In this section we introduce a short-step version of Algorithms 1 and 2. This corresponds to use a more conservative update \(\mu _{k+1} = \sigma \mu _k\) with \(\sigma = (1-\theta )\) for some small \(\theta \), to perform only two Inexact Newton iterations for each \(\mu \)-value and to consider an initial pair (yS) sufficiently well centered with respect to the initial \(\mu \). In particular, a sequence is generated such that if the initial S is sufficiently close to the central path, i.e. such that \(\delta (S,\mu )\le 1/2\), then after two inexact Newton steps the new approximation serves as well-centered starting iterate for the sub-sequent outer iteration. In this section we will use two indices to specify the outer kth iteration and the three inner iterations \(\ell = 0,1,2\).

In order to establish such convergence properties we need to modify the accuracy requirement in the solution of the linear systems. Indeed, the norm of the residual is controlled by the value of the centrality measure \(\delta (S_{k,\ell }, \mu _k)\) instead of \(\Vert b - \mu _k {{\mathcal {A}}}( S_{k,\ell }^{-1})\Vert \) as in the long-step version.
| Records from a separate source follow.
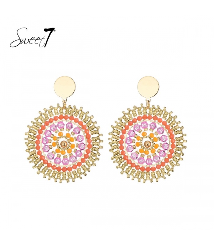 Deze kleurrijke oorbellen van Sweet7 vangen het gevoel van een zwoele zomeravond in een ontwerp. Met een cirkelvormig patroon vol koraal roze, zonnig geel en sprankelend lila straalt elke oorbel als een kleine zon. Perfect voor wie houdt van statement sieraden met een boho touch en kleur.
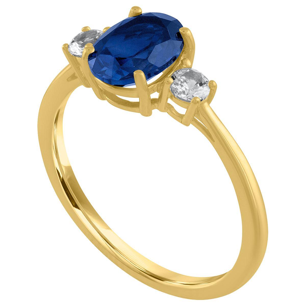 Set in 10kt. yellow gold, a stunning oval shaped created blue sapphire gemstone is accented with created white sapphire stones in this beautiful Gemstone Classics™ ring.
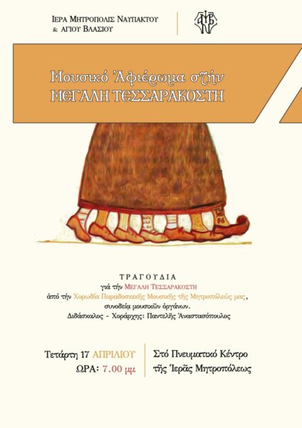 Τραγούδια για τη Μεγάλη Τεσσαρακοστή από τη Χορωδία Παραδοσιακής Μουσικής της Ιεράς Μητροπόλεως Ναυπάκτου και Αγίου Βλασσίου συνοδεία μουσικών οργάνων, κατά την Τετάρτη 17 Απριλίου 2019 και ώρα 7.00 .μ. στο Πνευματικό Κέντρο της Μητροπόλεως.
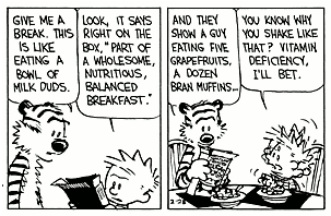 - As pictured above, Calvin eats cereal that takes five grapefruits and a dozen bran muffins to even out the sugar (and possibly more, since Hobbes trails off while explaining this).
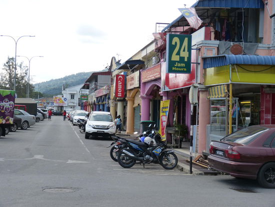 Mit einem Stadtplan bewaffnet kommen wir dann auf die wahnwitzige Idee, die gut drei Kilometer zum Hotel in praller Mittagssonne zu laufen. Wobei man rückblickend sagen muss, 2€ sind eben 2€, die wir auf diese Weise fürs Taxi gespart haben. Und man darf auch nie vergessen, dass man zu Fuß ja auch immer viel mehr von der Gegend sieht. Auch wenn es jetzt nicht so viel zu sehen gibt. Wie überall in Malaysia gibt es hier ein paar von diesen riesigen Häuserkomplexen, in denen man ganz locker die Bewohner einer ganzen Kleinstadt unterbringen könnte. Mal sind es Regierungsgebäude, mal Kongresszentren und Hotels, Einkaufscenter oder in seltenen Fällen, vor allem aber in K. Lumpur, tatsächlich Wohnhäuser. Ansonsten gibt es noch einige Geschäfte, kleinere Hotels und zweigeschossige Wohnhäuser, unter deren Obergeschoss dann auch meistens der Bürgersteig entlangführt. Wenn es denn einen gibt. Die meisten Betonplatten sind hier im Laufe der Zeit zerborsten und man muss aufpassen, nicht in einem der unzähligen Wassergräben zu landen. Die bis zu anderthalb Meter tiefen Betonrinnen sollen den sintflutartigen artigen Regen ins Meer leiten, dienen aber mit diversen Essensresten und anderen Abwasserpfützen drin ganz nebenbei noch als ideale Brutstätte für Keime und widerliche Gerüche.
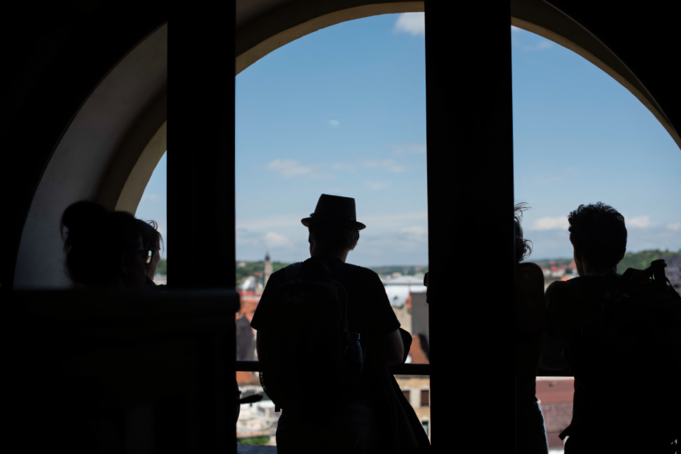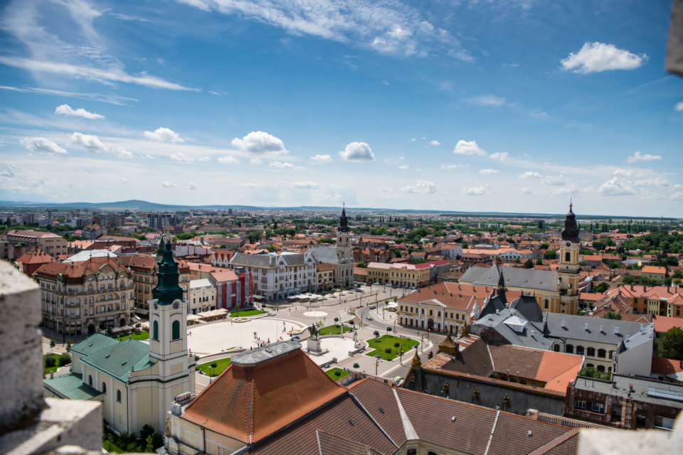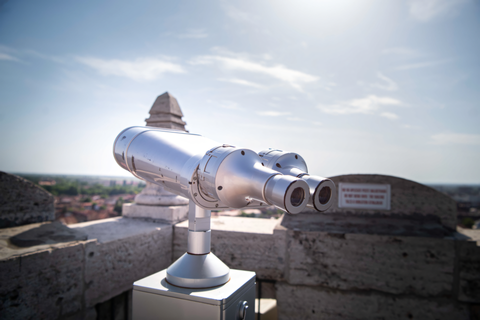 4. Pe ultimul nivel, poți folosi binoclul panoramic pentru a vedea Piața Unirii, clădirile din jur și restul orașului Oradea
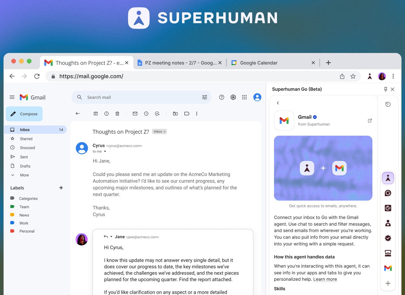 Асистент підключається до понад 100 інструментів і надає потрібну інформацію саме в момент, коли вона необхідна. Superhuman Go може допомогти знайти додаткові дані під час листування, нагадати про попередні обговорення на зустрічах, опрацювати запити користувачів і координувати командні наради.

We state the short-step version of the inexact dual-logarithmic barrier method in Algorithm 4.

figure d

Note that since \(r_{0,0}=0\), then \(X_{0,1}\) is primal feasible. Moreover, Lemmas 35 hold also for the short-step version and for its “exact” counterpart, as the accuracy requirement in the solution of linear systems is never involved in their proofs. The following observations about the exact counterpart of our short-step algorithm are in order. First, the following result on the decrease of centrality measure holds.

Lemma 6

[8, Lemma 5.5] Fixed \(k\ge 0\), if \(S_{k,\ell }\succ 0\) is dual feasible and \(\delta _{ex}(S_{k, \ell },\mu _k) < 1\), then

$$\begin{aligned} \delta _{ex}(S_{k, \ell +1},\mu _k) \le \delta ^2_{ex}(S_{k, \ell },\mu _k), \end{aligned}$$

with \(\ell = 0,1\).

Second, it is shown in [8] that starting from \(S_{k,0}\) such that \( \delta _{ex}(S_{k, 0},\mu _k) < \frac{1}{2}\), after one Newton step the obtained approximation \(S_{k, 1}\) can be used as the subsequent well-centered starting point \(S_{k+1,0}\), i.e. such that \(\delta _{ex}(S_{k+1,0},\mu _{k+1}) \le \frac{1}{2}\) and the process is quadratically convergent. In the inexact case, we are going to prove that we need two inexact Newton iterations to get an analogous result. In other words we are going to show that the Inexact Newton process is two-step quadratically convergent in terms of the centrality measure. Obviously, as in the long step case, in the last outer iteration, we need to iterate the Inexact Newton method till convergence in order to recover primal feasibility. Therefore after termination of Algorithm 4, an extra outer iteration is performed: several steps of Inexact Newton method are made until the nonlinear residual is small.

Remark 1

In the following proofs we will make use of the centrality measure evaluated at \(S_{k,2}\), i.e.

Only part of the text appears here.